Although the rupee has been weakening, the markets has done well, so a mild correction is possible, he said in an interview with CNBC-TV18.
When asked which sectors would be impacted due to rupee depreciation and rising interest rates, he said some financials and NBFCs could see mild weakness due to surge in bond yields.
According to him, rupee depreciation could be a bit of catch up thing because earlier when other emerging market currencies were depreciating rupee was resilient. Moreover, crude prices are also rising.
“If interest rates go up, the fixed income side would also see some losses but looking at market and valuation at this point in time and where interest rates are it is advisable to rebalance the portfolio, some allocation towards that over a longer terms period is advisable,” said Patil.

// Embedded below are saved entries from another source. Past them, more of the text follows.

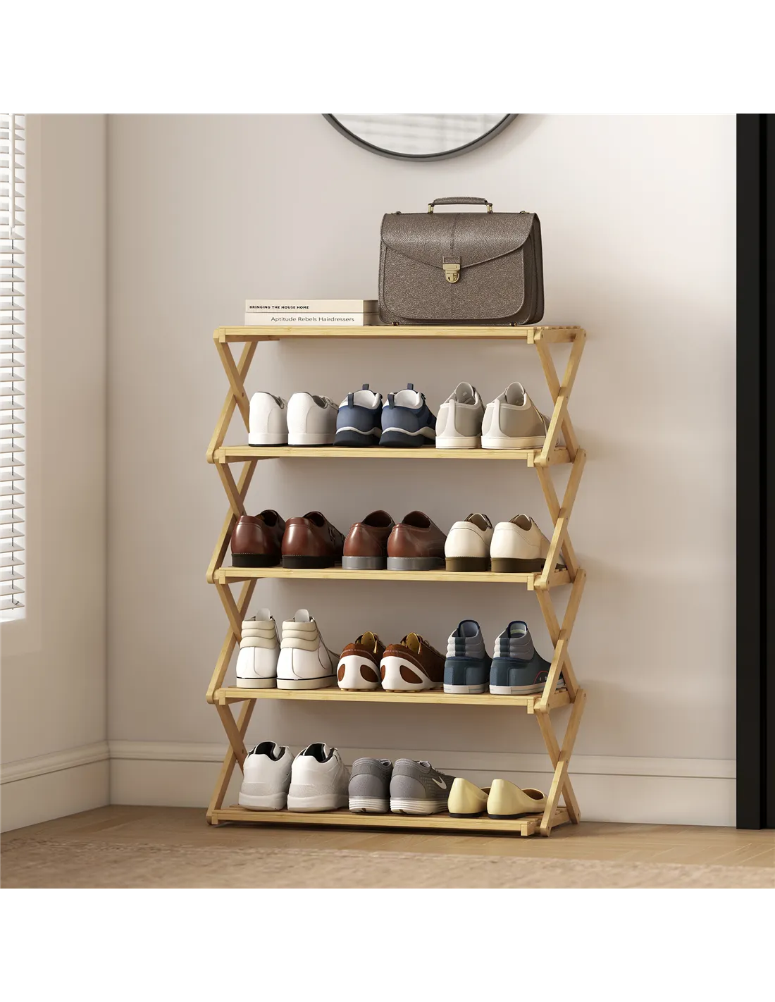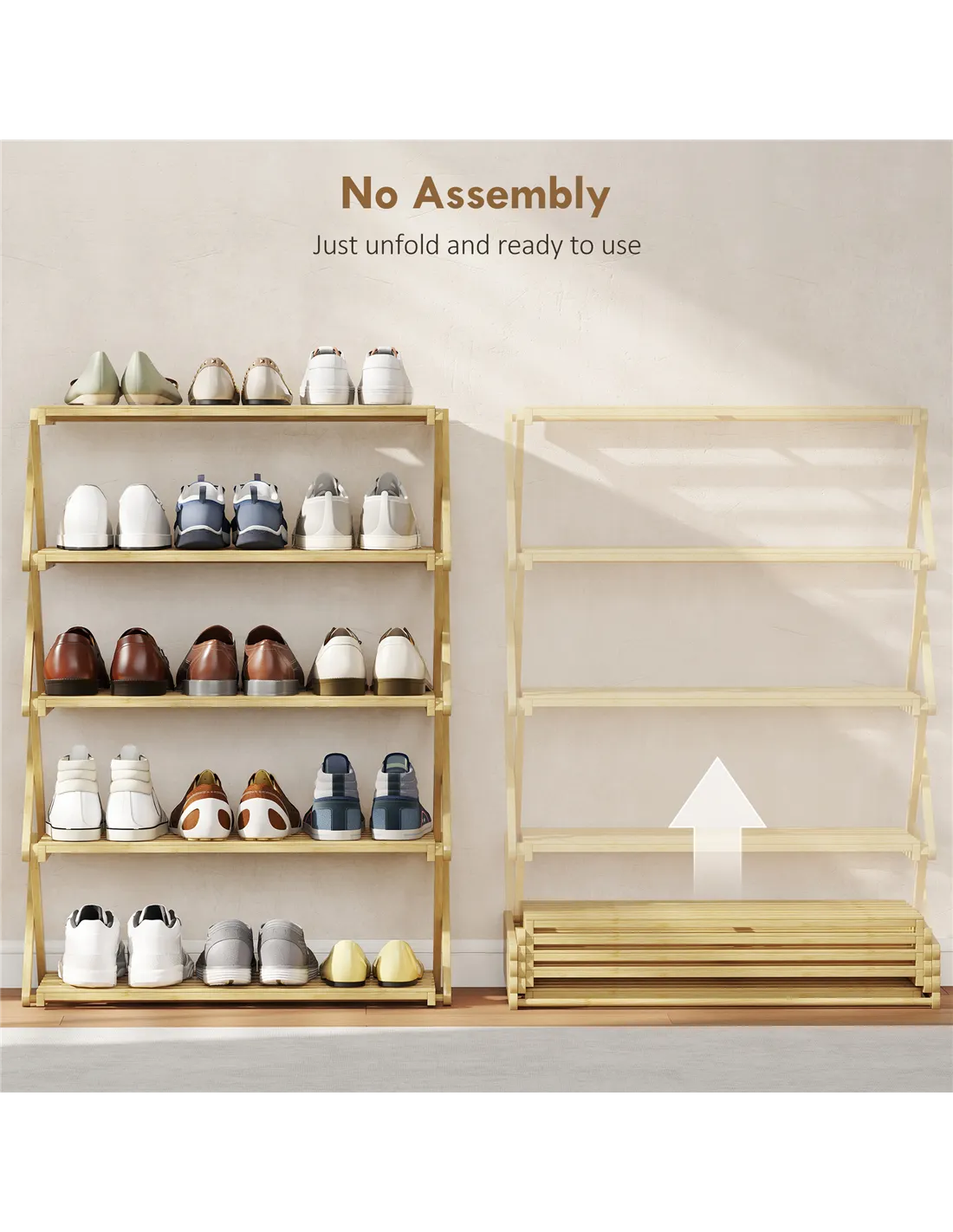 - A: No, the HOMCOM Five-Tier Folding Bamboo Shoe Rack arrives fully assembled. You unpack it and fix it into shape for immediate use.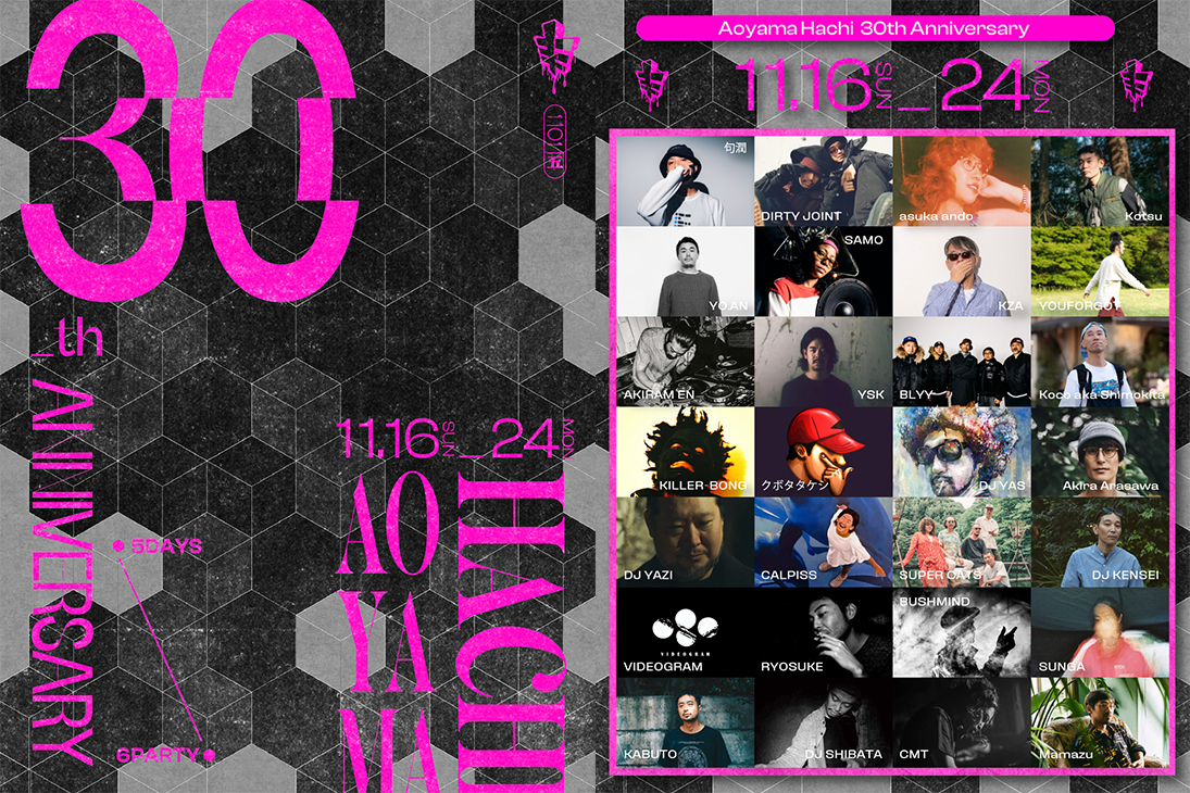 東京・青山の老舗クラブ 青山蜂(AOYAMA HACHI)が2025年11月に30周年を迎える。クラブという業態の形が変わり続ける中、30年にわたり現場を守り抜いてきた稀有な存在だ。その節目を祝う周年ウィークは16日の前夜祭を経て、明日11月21日金からスタートし、総勢200名規模のラインナップで4日間に5パーティーの規模で展開される。今回は、明日11月21日から11月24日にかけて開催されるパーティを各日程ごとに紹介する。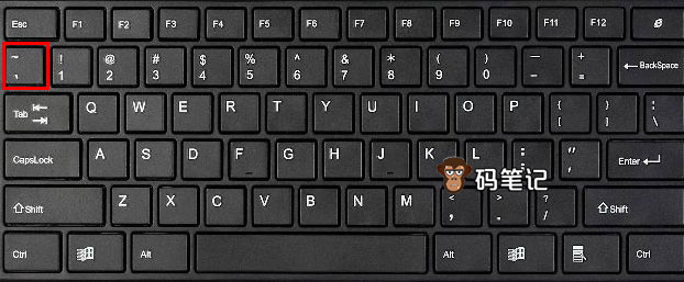 如上图所示,数字1左侧的按键就是这个符号,在Markdown语法里,英文输入法下,数字1左侧的按键就是插入代码的符号。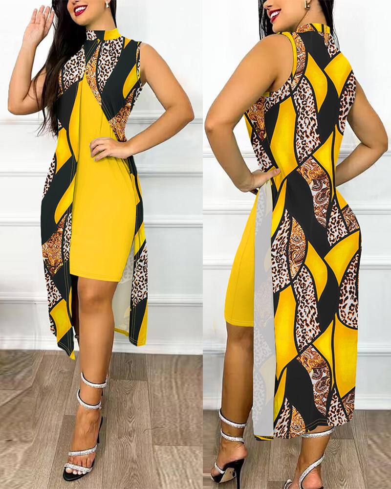 Style:Casual Type:Asymmetrical Material:Polyester Neckline:Mock Neck Sleeve Style:Sleeveless Length:Asymmetrical Pattern Type:Baroque,Colorblock,Leopard,Random Print Decoration:Slit Fit Type:Regular Occasion:Daily Package Include:1* Dress Fabric Elasticity:Slight Stretch Sheer:No Care Instructions:Machine wash or professional dry clean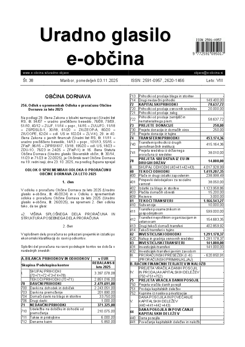 Odlok o spremembah Odloka o proračunu Občine Dornava za leto 2025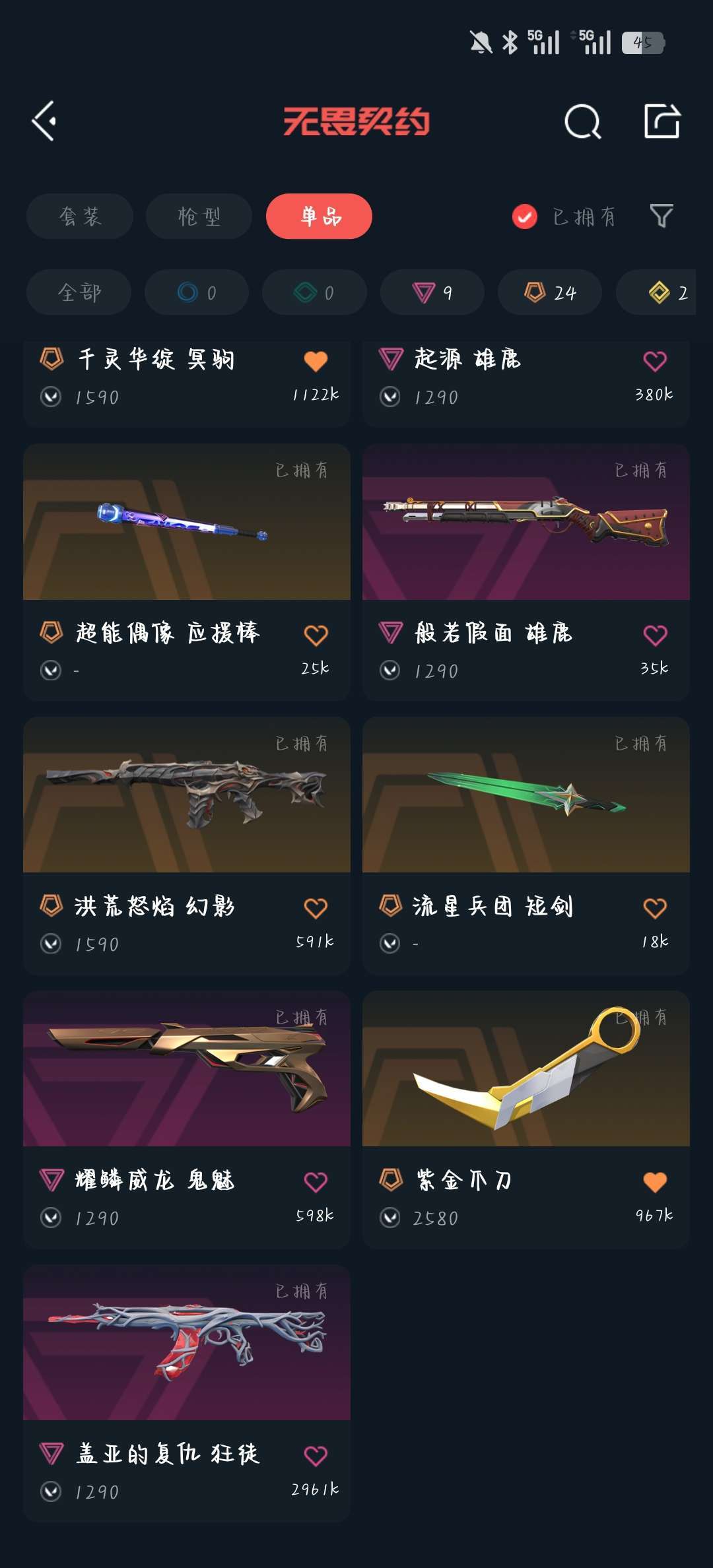 【铂金I】24冠军套装,新莲花套,狂徒三幻神,流脓ak,起点蝴蝶刀,塑水宗正义,青龙大狙。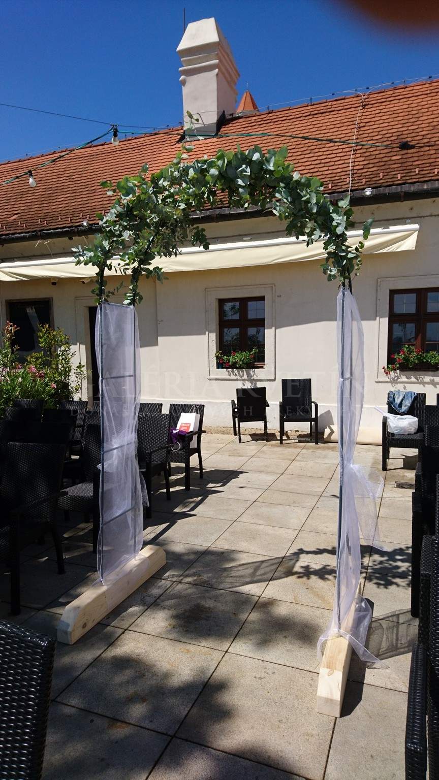 Eucalypthus má všestranné využitie - ako napríklad aj v našej slávobráne. Krásne dekoruje oblúk a boky sú zdobené bielou organzou, previazané mašľami. Veď v jednoduchosti je krása.
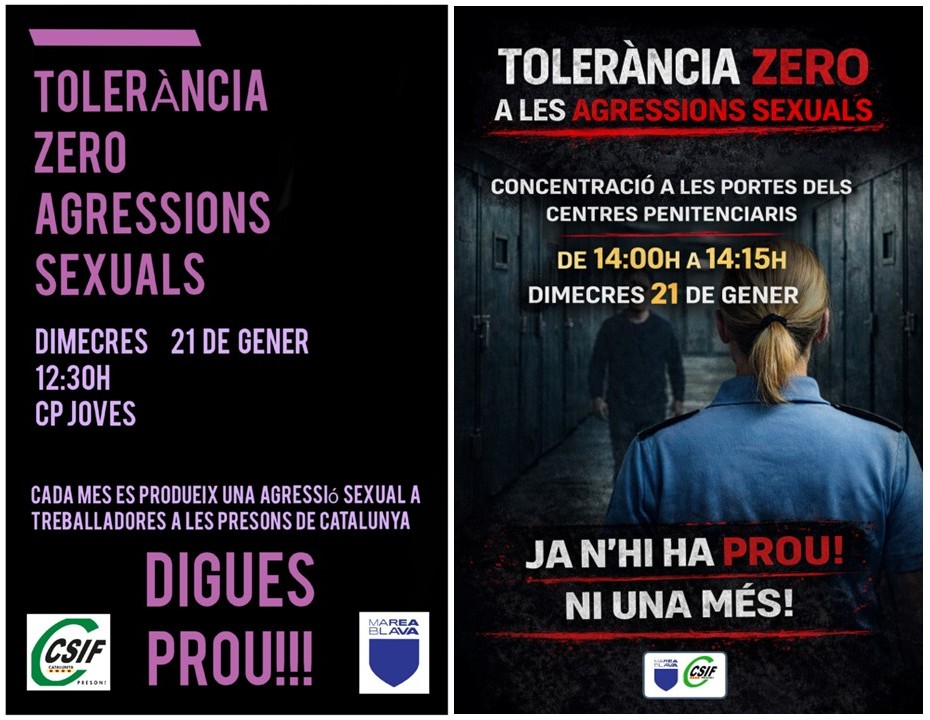 Barcelona, 20 enero de 2026.- La Central Sindical Independiente y de Funcionarios (CSIF), junto a la asociación Marea Blava, convocan una concentración mañana, miércoles 21 de enero, ante la última agresión sexual a una funcionaria, el viernes pasado, en el CP de Jóvenes, y para denunciar la grave falta de actuación de los responsables de la administración penitenciaria ante el incremento vertiginoso de las agresiones a los trabajadores y trabajadoras de prisiones.

Sector wise, he said the commercial vehicle sector is likely to report 10-15 percent growth this year. For two-wheelers the volume growth was good on back of rural demand but pressure on margins could remain because of high competition and need to gain back market share.
However, for the passenger car segment, margins are unlikely to be impacted because the volume growth should be good, he said.
With regards to correction seen in the FMCG space, he said earnings and outlook for the space still remain robust but maybe valuations were a bit stretched. In a rising interest rate environment, the cost of equity also goes up, so some de-rating could be happening for the space, he added.
However, overall the structural story is still intact for FMCG companies. One could look at buying some good quality companies on slightly more correction of 10-15 percent.